START Collected data
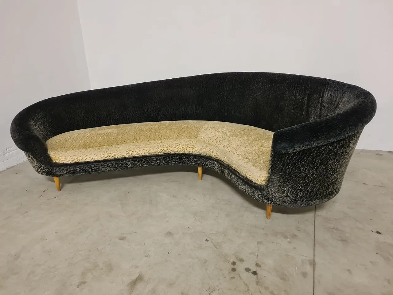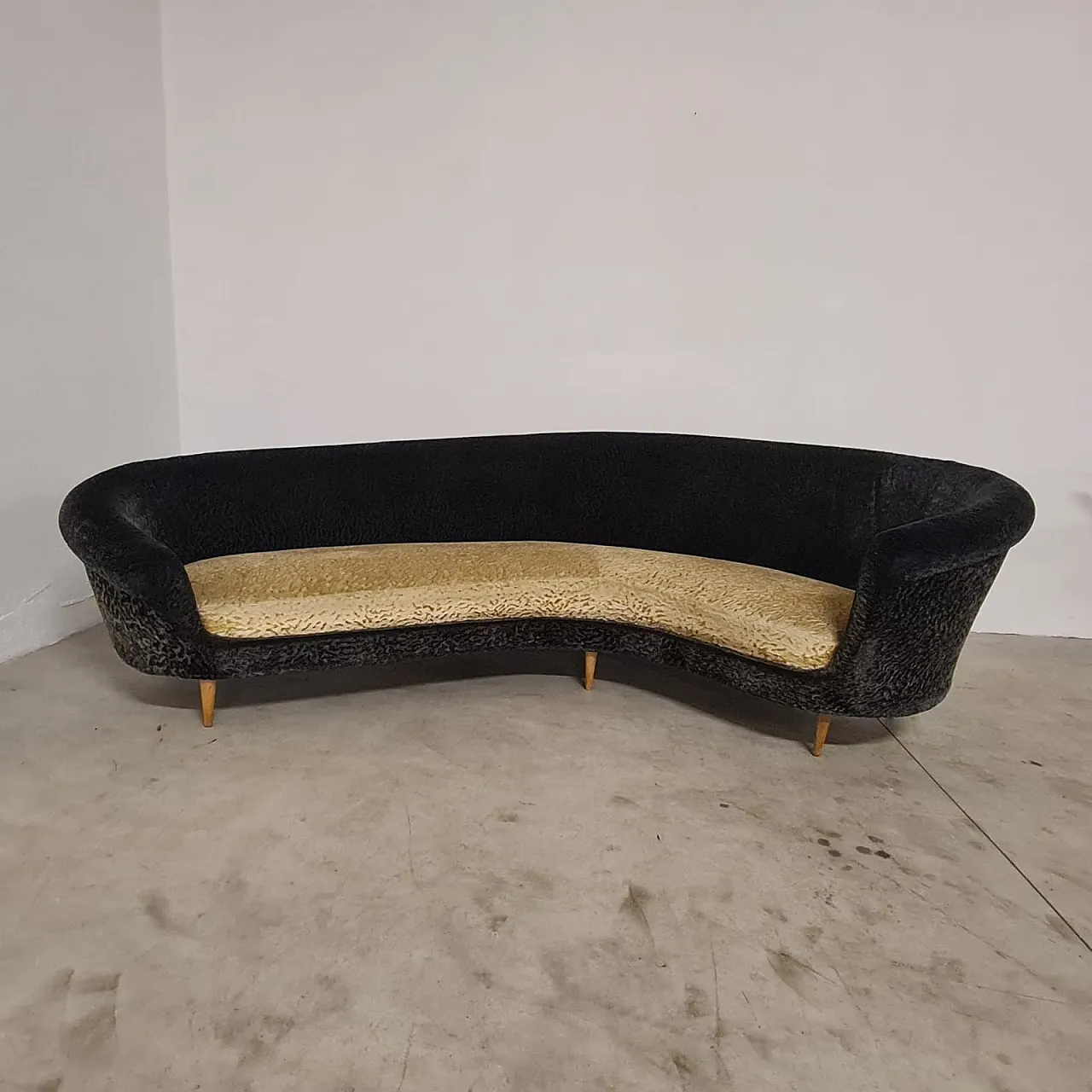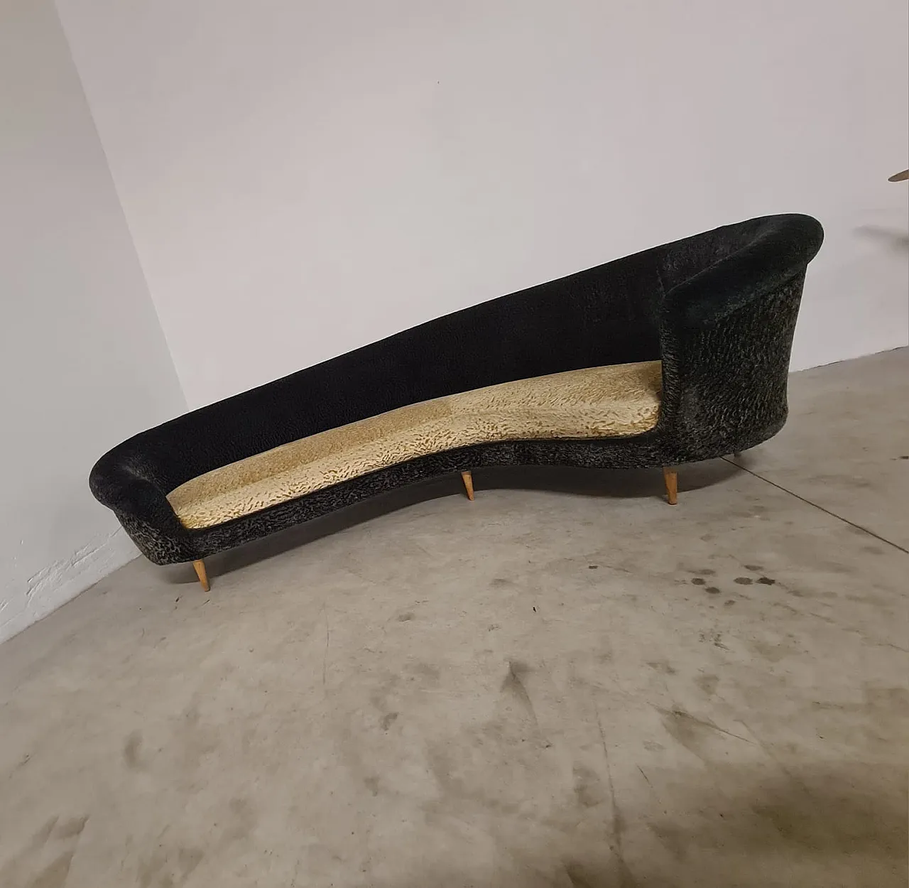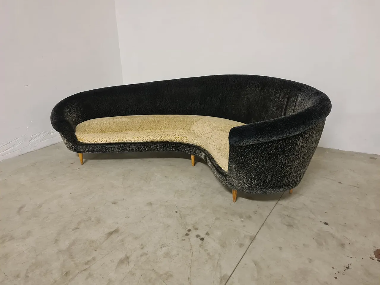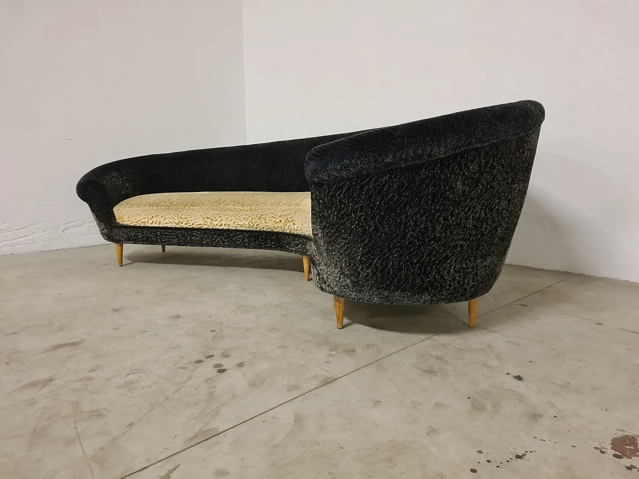 Curvo sofa by Federico Munari. Elegant curved sofa of the 1950s. Ideal for a position in the center of the room so that you can grasp the beauty of the sofa from each side. Original in each part including the fabric found in excellent conservative condition despite the age. Federico Munari was a Milanese designer and inventor who made his contribution in all fields of the visual arts. Possibility to refide it at will.
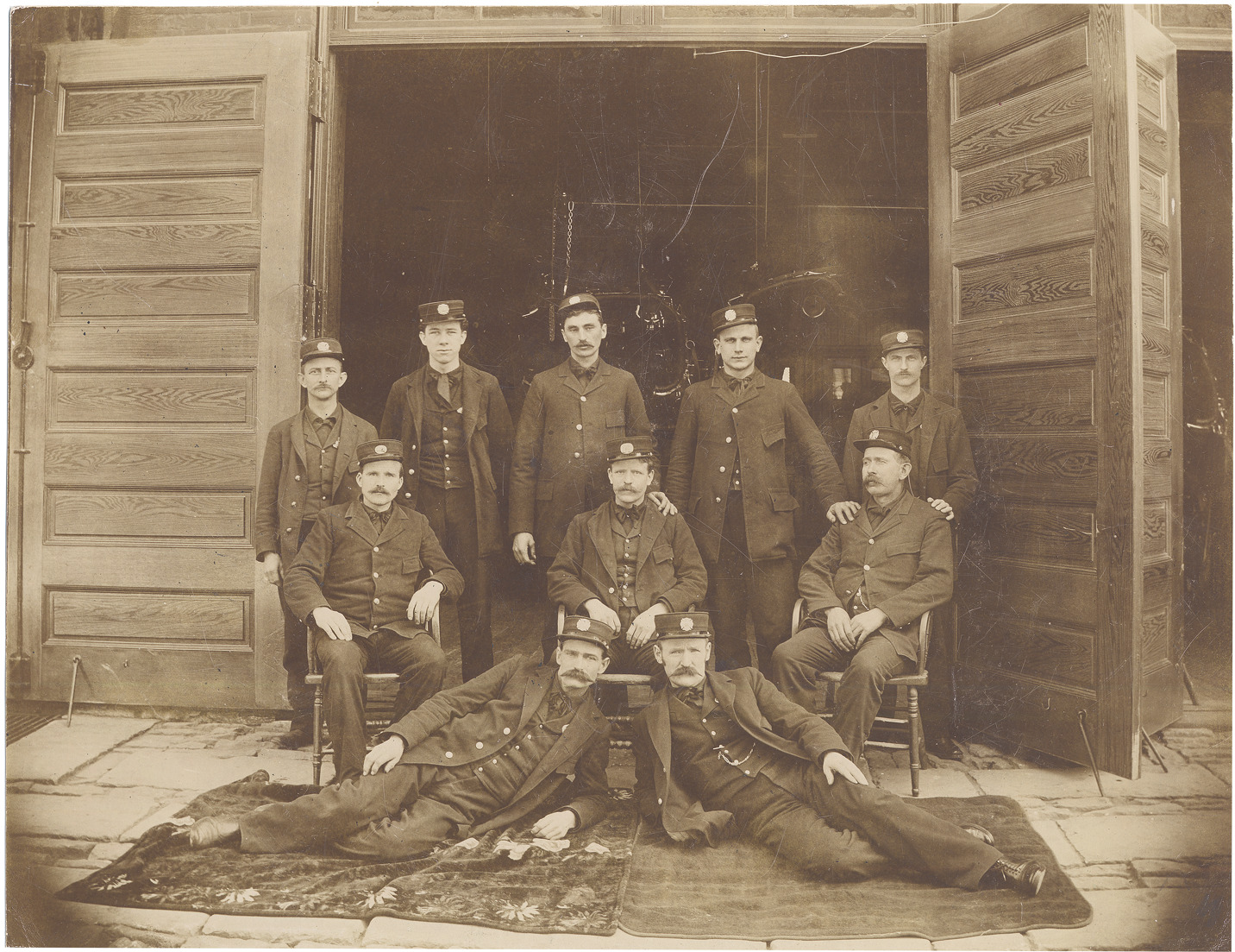 Favorite this☆ Group portrait of Detroit firefighters Description: Group portrait of uniformed company of Detroit firefighters, sitting and standing in front of open doors of fire station. Uniform consists of single-breasted coats and small hats with short brims. Details Resource ID: DPA2323 Subject: Fire fighters--Michigan--Detroit Portraits, Group Photographic prints Date Issued: Unknown year Format: 1 photographic print mounted on mat board ; image 7.25 x 9.5 in. Member of: Burton Historical Collection Filing Location: D/Fire Dept-Companies Rights: Physical rights are retained by DPL. Copyright is retained in accordance with U.S. copyright laws.
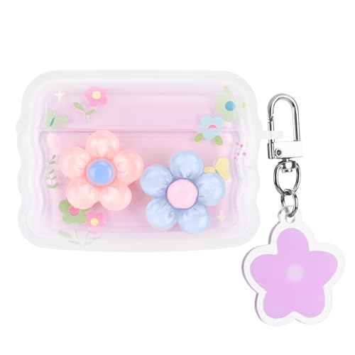 Newseego Coque Airpods Pro pour Filles Femmes, Mignon Fleurs 3D Vague Design Transparent Coque Airpods Pro(2019) avec Porte-clés Floral,Souple TPU Antichoc Housse de Protection pour Airpods Pro
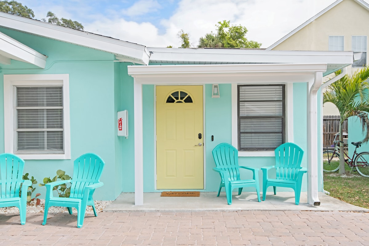 Stay in this charming 1920's cottage, where everything is just a stroll away. Walk to the local restaurants, breweries, and shops on Main St, or take a leisurely walk to the marina for sunsets. With its prime location, it is perfect for exploring the heart of Dunedin on foot. Let’s walk and discover all that this vibrant area has! Your beautifully appointed cottage is a great retreat after beach fun, baseball or biking, and is an easy stroll home after an evening enjoying the local music scene.
END Collected data
◆ Work to be completed
Beginning with the line that contains "Newseego Coque Airpods" and ending with the final line of the material, reproduce those lines exactly and nothing else. Omit the pictures.

◆ Answer to the problem
 Newseego Coque Airpods Pro pour Filles Femmes, Mignon Fleurs 3D Vague Design Transparent Coque Airpods Pro(2019) avec Porte-clés Floral,Souple TPU Antichoc Housse de Protection pour Airpods Pro
 Stay in this charming 1920's cottage, where everything is just a stroll away. Walk to the local restaurants, breweries, and shops on Main St, or take a leisurely walk to the marina for sunsets. With its prime location, it is perfect for exploring the heart of Dunedin on foot. Let’s walk and discover all that this vibrant area has! Your beautifully appointed cottage is a great retreat after beach fun, baseball or biking, and is an easy stroll home after an evening enjoying the local music scene.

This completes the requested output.